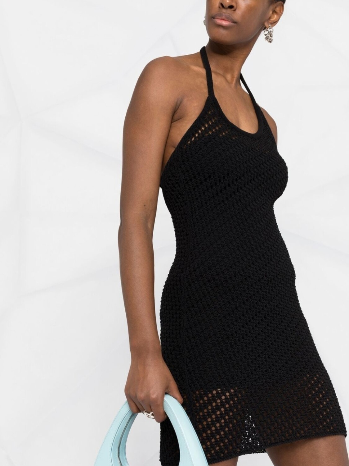 Модель в технике кроше, открытая спина, завязки вокруг шеи и без рукавов. Цвет: черный.
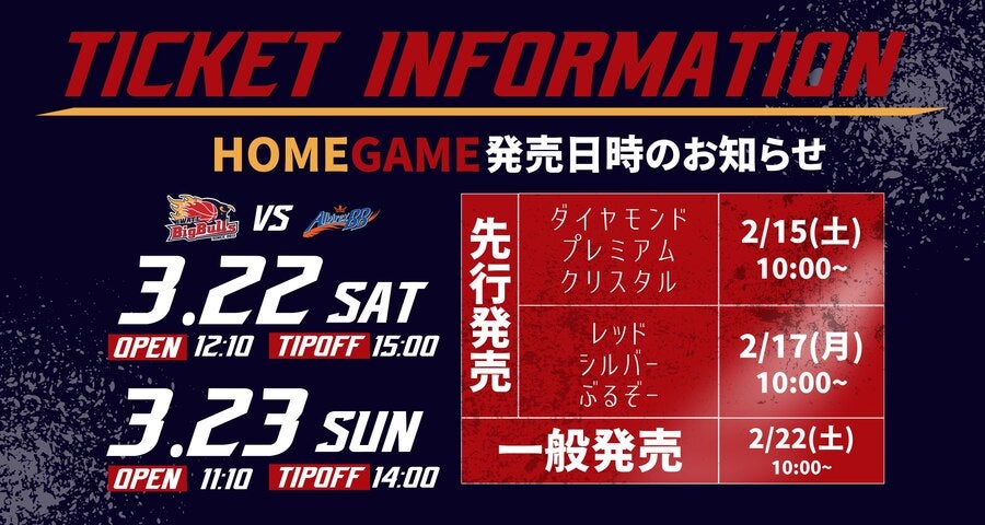 3/22(土)・3/23(日) vs.新潟アルビレックスBB
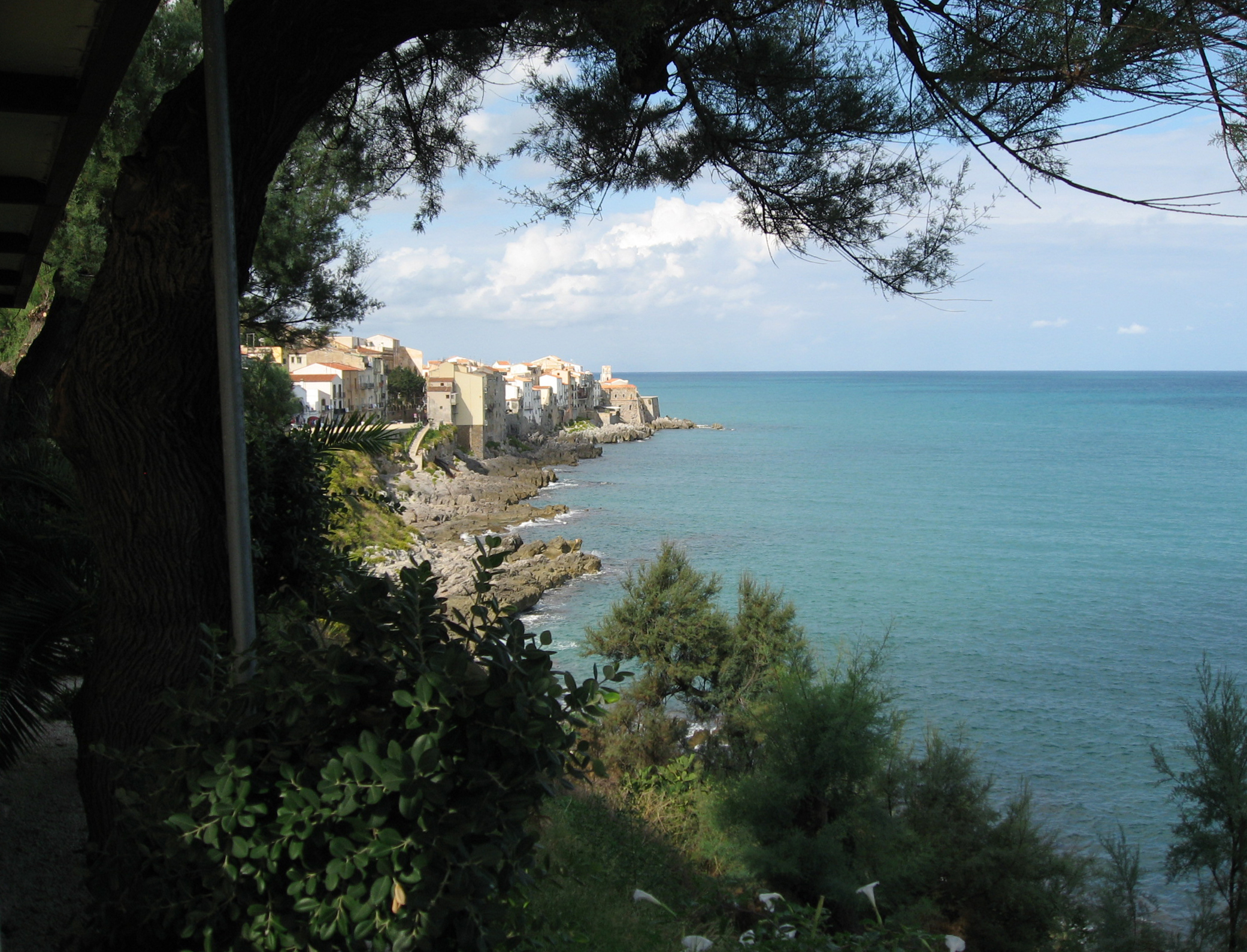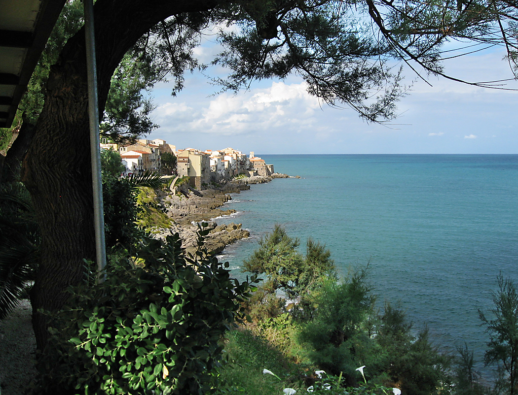 forgrunden. Havet og himlen er dækket med en sort pensel,

PROBLEM REQUIREMENTS >>
Restate every line of the listing exactly. Pictures are not part of the copy.

SOLUTION TO THIS EXERCISE >>
 Модель в технике кроше, открытая спина, завязки вокруг шеи и без рукавов. Цвет: черный.
 3/22(土)・3/23(日) vs.新潟アルビレックスBB
 forgrunden. Havet og himlen er dækket med en sort pensel,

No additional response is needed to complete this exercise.